The most obvious sign of Sever's disease is pain or tenderness in one or both heels, usually at the back. The pain also might extend to the sides and bottom of the heel, ending near the arch of the foot. A child also may have these related problems, swelling and redness in the heel, difficulty walking, discomfort or stiffness in the feet upon awaking, discomfort when the heel is squeezed on both sides, an unusual walk, such as walking with a limp or on tiptoes to avoid putting pressure on the heel. Symptoms are usually worse during or after activity and get better with rest.
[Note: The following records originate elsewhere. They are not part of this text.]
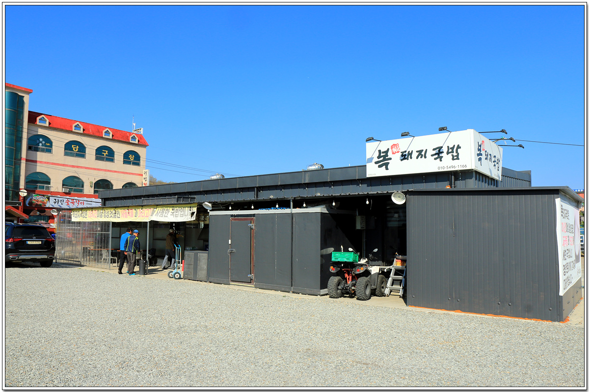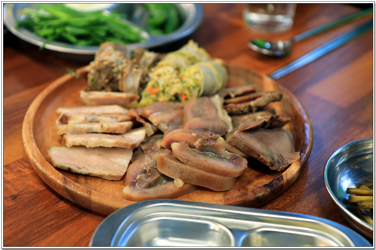돼지 수육에 돼지국밥으로 이른 저녁을 먹으면서 하산주도 겯들인다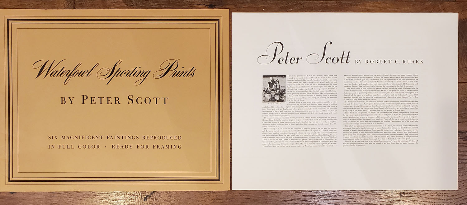 RARE, Set of 6 1953 Peter Scott full color prints, Titled ''Waterfowl Sporting Prints'' in original portfolio sleave, with artist & print description sheets. Frame quality. Originally offered by Field & Stream. Grade: Excellent++ - Value: 2 to 100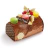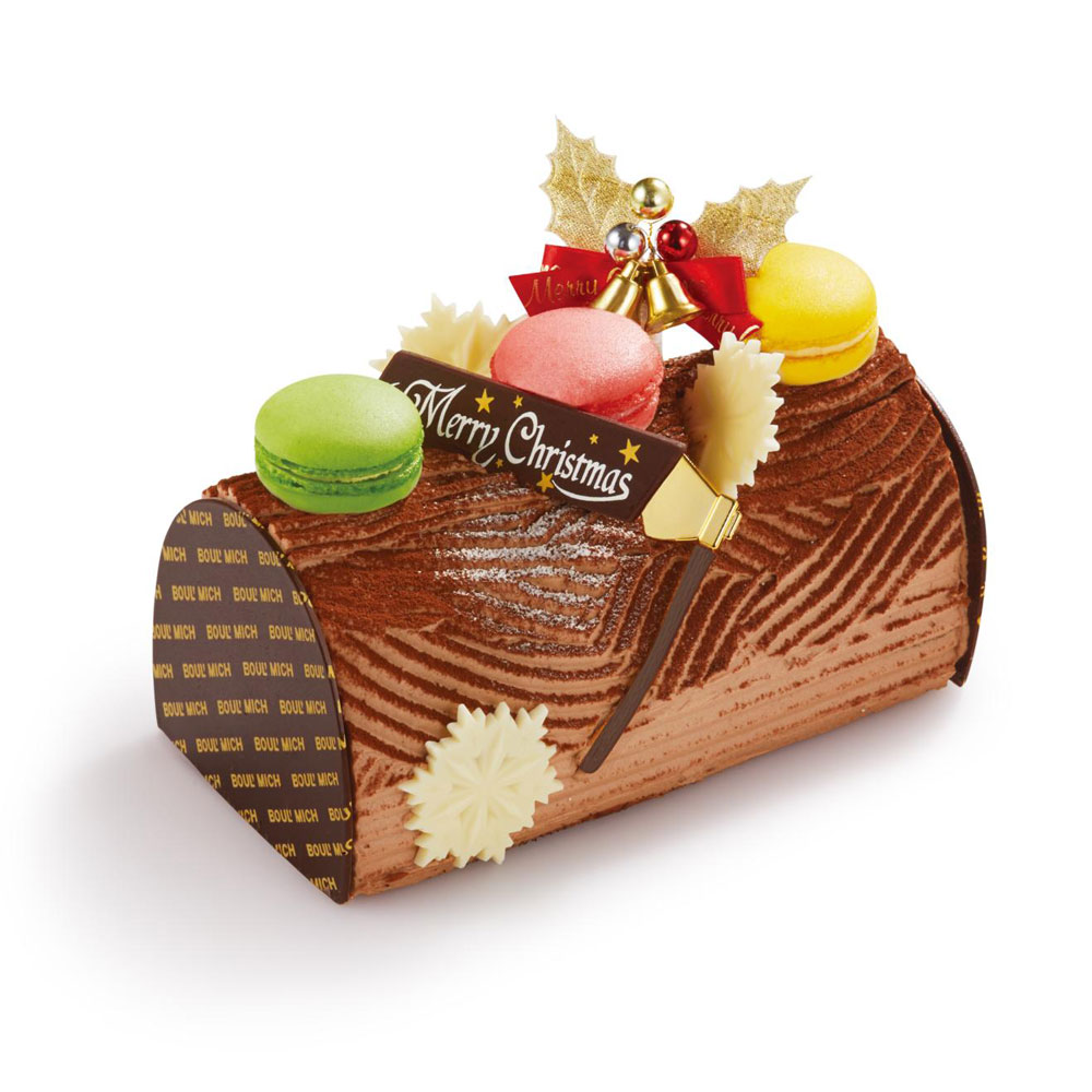チョコレートクリームと、ヘーゼルナッツとアーモンドのジャンドゥヤをサンドしました。カラフルなマカロンが楽しい薪の形のクリスマスケーキ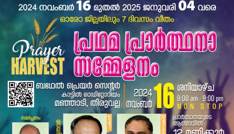നാഷണൽ പ്രെയർ മുവ്മെന്റ് 50 ദിന പ്രാർത്ഥന പ്രഥമ സമ്മേളനം തിരുവല്ലയിൽ നവംബർ 16 മുതൽ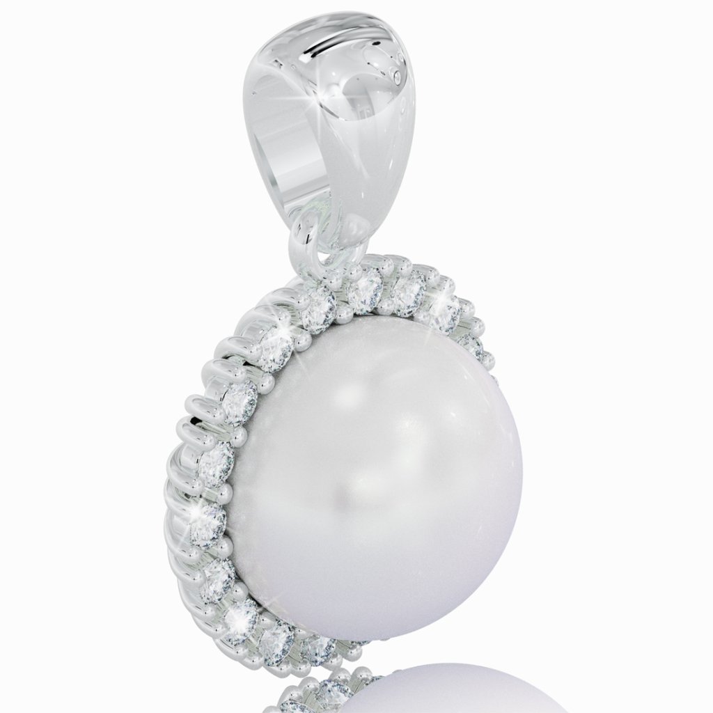 Prvý pohľad upriami pútavá biela perla, ktorá je centralizovaná v prívesku z bieleho 14 karátového zlata.

Sever disease is most often diagnosed clinically, and radiographic evaluation is believed to be unnecessary by many physicians, but if a diagnosis of calcaneal apophysitis is made without obtaining radiographs, a lesion requiring more aggressive treatment could be missed. Foot radiographs are usually normal and the radiologic identification of calcaneal apophysitis without the absence of clinical information was not reliable.
Non Surgical Treatment
The following are different treatment options. Rest and modify activity. Limit running and high-impact activity to rest the heel and lessen the pain. Choose one running or jumping sport to play at a time. Substitute low-impact cross-training activities to maintain cardiovascular fitness. This can include biking, swimming, using a stair-climber or elliptical machine, rowing, or inline skating. Reduce inflammation. Ice for at least 20 minutes after activity or when pain increases. Nonsteroidal anti-inflammatory drugs (NSAIDs) may also help. Stretch the calf. Increase calf flexibility by doing calf stretches for 30 to 45 seconds several times per day. Protect the heel. The shoe may need to be modified to provide the proper heel lift or arch support. Select a shoe with good arch support and heel lift if possible. Try heel lifts or heel cups in sports shoes, especially cleats. Try arch support in cleats if flat feet contribute to the problem.
The following exercises are commonly prescribed to patients with Severs disease. You should discuss the suitability of these exercises with your physiotherapist prior to beginning them. Generally, they should be performed 1 - 3 times daily and only provided they do not cause or increase symptoms. Your physiotherapist can advise when it is appropriate to begin the initial exercises and eventually progress to the intermediate, advanced and other exercises. As a general rule, addition of exercises or progression to more advanced exercises should take place provided there is no increase in symptoms. Calf Stretch with Towel. Begin this stretch in long sitting with your leg to be stretched in front of you. Your knee and back should be straight and a towel or rigid band placed around your foot as demonstrated. Using your foot, ankle and the towel, bring your toes towards your head as far as you can go without pain and provided you feel no more than a mild to moderate stretch in the back of your calf, Achilles tendon or leg. Hold for 5 seconds and repeat 10 times at a mild to moderate stretch provided the exercise is pain free. Calf Stretch with Towel. Begin this exercise with a resistance band around your foot and your foot and ankle held up towards your head. Slowly move your foot and ankle down against the resistance band as far as possible and comfortable without pain, tightening your calf muscle. Very slowly return back to the starting position. Repeat 10 - 20 times provided the exercise is pain free. Once you can perform 20 repetitions consistently without pain, the exercise can be progressed by gradually increasing the resistance of the band provided there is no increase in symptoms. Bridging. Begin this exercise lying on your back in the position demonstrated. Slowly lift your bottom pushing through your feet, until your knees, hips and shoulders are in a straight line. Tighten your bottom muscles (gluteals) as you do this. Hold for 2 seconds then slowly lower your bottom back down. Repeat 10 times provided the exercise is pain free.